Hired to create this masterpiece is Mr Anthony D’Souza, the filmmaker who gave us Blue along with the writer duo of Farhad-Sajid. I could end this review right here because that’s all you need to know about the lazy, unfunny awfulness of Boss, but since I love cinema, brace yourself for a meticulous and analytical plot synopsis.
Akshay Kumar upturns a red mirchi cart in slow motion, then Akshay Kumar swirls road dirt with his feet in slow motion, then Akshay Kumar does the jig at a couple of discotheques while trying to reunite with his estranged dad, and finally Akshay Kumar jumps screaming out of a pond in slow motion. There’s your plot. Dammit, I'm moaning about the lack of a plot while writing about an Akshay Kumar film titled Boss – look at my effrontery.
Kumar's performance transcends campy and fun into Hellraiser’s fourth dimension of grotesque and horrific torture. It’s not that Kumar can’t do comedy – he was terrific in Hera Pheri. If only he’d return to doing well-written comedies instead of bile like this.
Bottom line: Boss expects you to laugh in the face of amazing stupidity. The jokes would struggle to make a guy attached to a nitrous oxide cylinder budge a facial muscle. The highlight of the film is a joke where Boss saves a woman and bestows his brotherly affection towards her by naming his truck ‘Behen ki lorry’. Seriously, I wonder how a human being would fund this sort of humour. Maybe the producers would pay me if I point and laugh uncontrollably at the first name of the film’s action director: Anal Arasu.
To keep up with the misogynist observational jokes of the film, I must say that Aditi Rao Hydari in Boss has done a really great job of showcasing her dripping wet, red bikini torso. Her character has no other purpose in the film.

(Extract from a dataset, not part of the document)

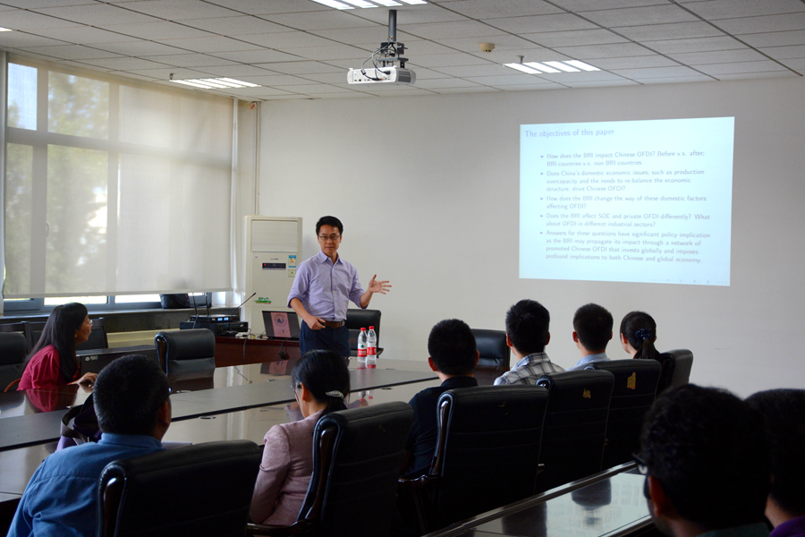 5月23日,tyc41183太阳成集团第206期高级经济学讲座在中心校区举行。纽约州立大学(布法罗分校)钱兴旺副教授为tyc41183太阳成集团师生作了题为“The Belt and Road Initiative and Chinese Firms Outward Foreign Direct Investment (一带一路倡议与中国对外投资)”的学术报告。

However the Grand Mufti of Atrociousness in Boss is the venerable Mithun, forced to play an utterly stupid character and bare his massive lack of dramatic chops in a series of ludicrous scenarios.
I can only assume that talented and likable actors like Ronit Roy, Danny Denzongpa, Sanjay Mishra and Mukesh Tiwari had a few mortgage loans pending so when the call came in for a big budget South remake starring 'Akki', they zoomed towards the auditions in an F1 car. There’s no judging anyone for putting bread on the table, but it is depressing to watch them wading through a wreck like Boss because of (presumably) the lack of options in India’s film industry.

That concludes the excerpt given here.